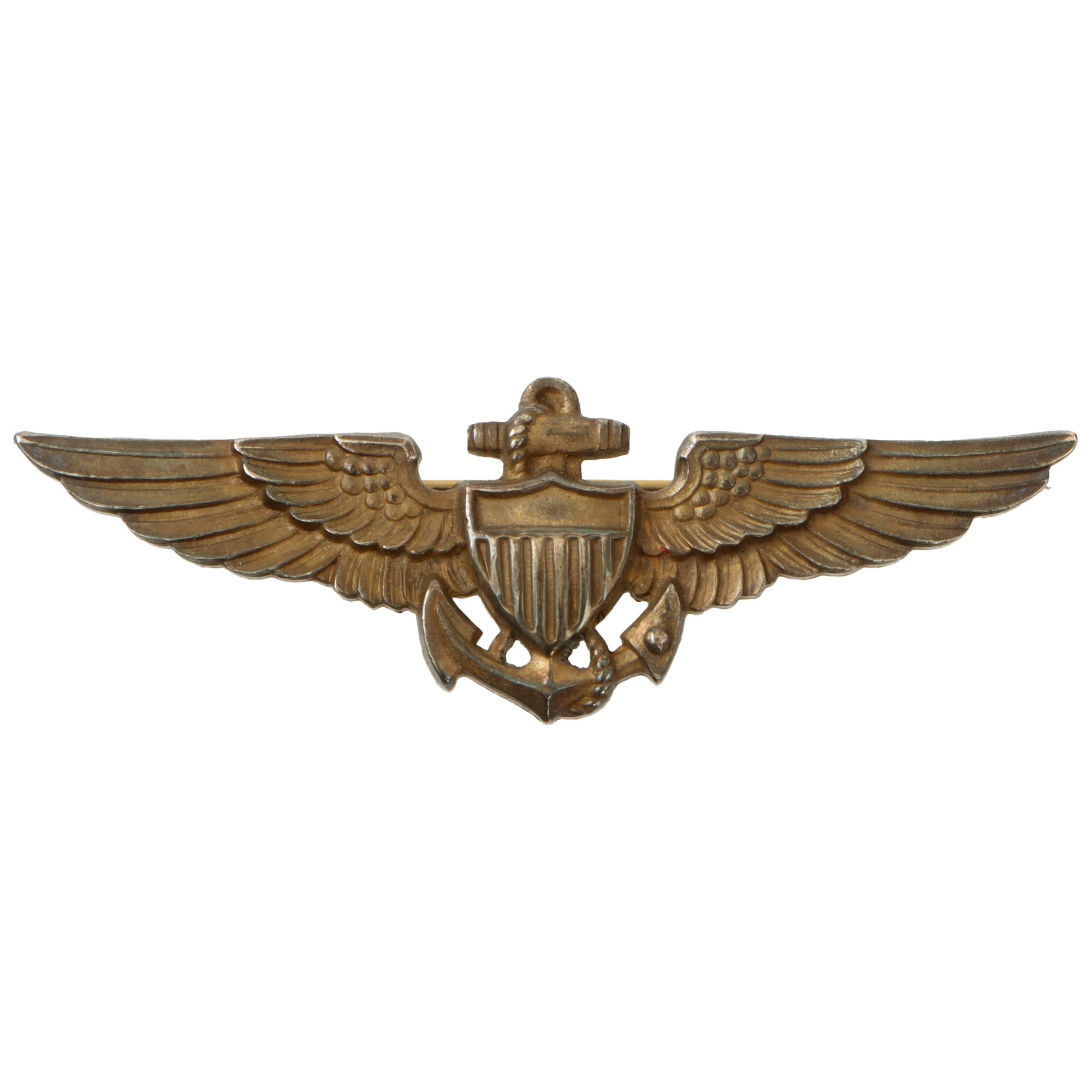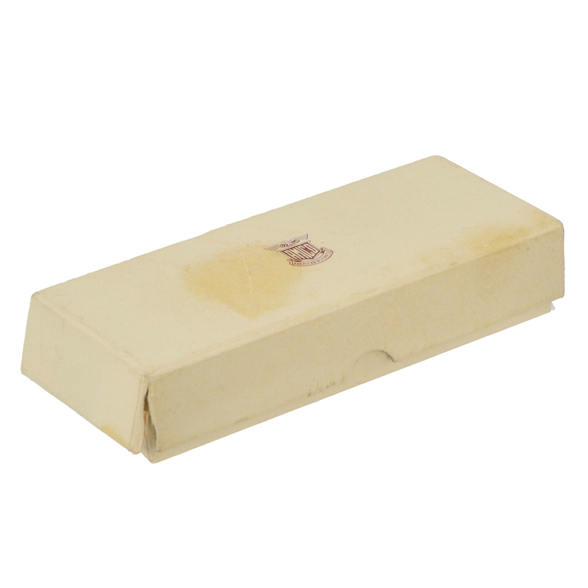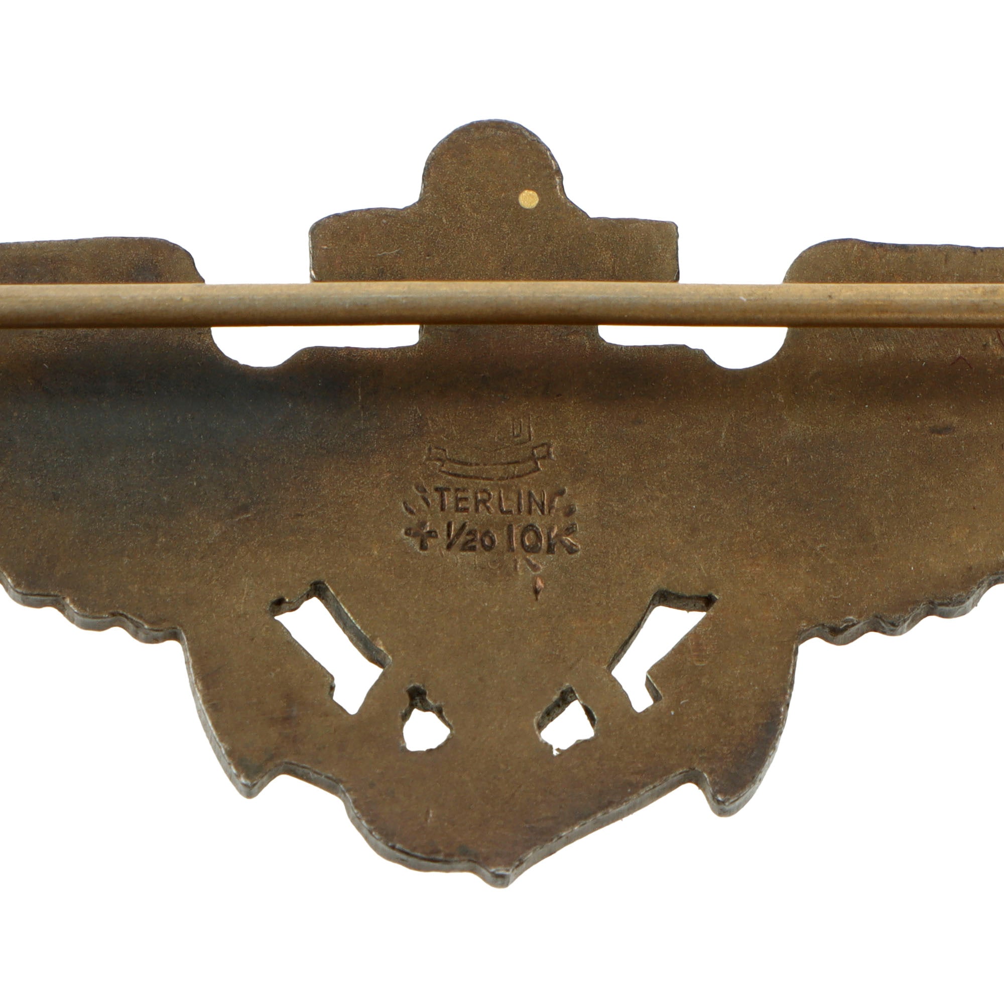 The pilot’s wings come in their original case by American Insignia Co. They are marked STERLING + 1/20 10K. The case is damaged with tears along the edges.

==========

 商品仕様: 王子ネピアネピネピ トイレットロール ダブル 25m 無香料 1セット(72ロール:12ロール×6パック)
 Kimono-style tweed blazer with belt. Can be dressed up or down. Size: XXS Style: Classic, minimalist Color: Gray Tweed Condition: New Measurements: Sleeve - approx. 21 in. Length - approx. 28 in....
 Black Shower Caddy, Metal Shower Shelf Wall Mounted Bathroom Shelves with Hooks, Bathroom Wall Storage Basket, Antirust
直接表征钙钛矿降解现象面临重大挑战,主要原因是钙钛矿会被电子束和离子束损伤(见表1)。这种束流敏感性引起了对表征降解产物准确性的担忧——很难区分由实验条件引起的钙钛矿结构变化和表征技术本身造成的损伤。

==========

Could you transcribe the entries above word for word, from the line with "Black Shower Caddy, Metal" down to the line with "直接表征钙钛矿降解现象面临重", keeping both?

- [ANSWER TO THIS TASK]:
 Black Shower Caddy, Metal Shower Shelf Wall Mounted Bathroom Shelves with Hooks, Bathroom Wall Storage Basket, Antirust
直接表征钙钛矿降解现象面临重大挑战,主要原因是钙钛矿会被电子束和离子束损伤(见表1)。这种束流敏感性引起了对表征降解产物准确性的担忧——很难区分由实验条件引起的钙钛矿结构变化和表征技术本身造成的损伤。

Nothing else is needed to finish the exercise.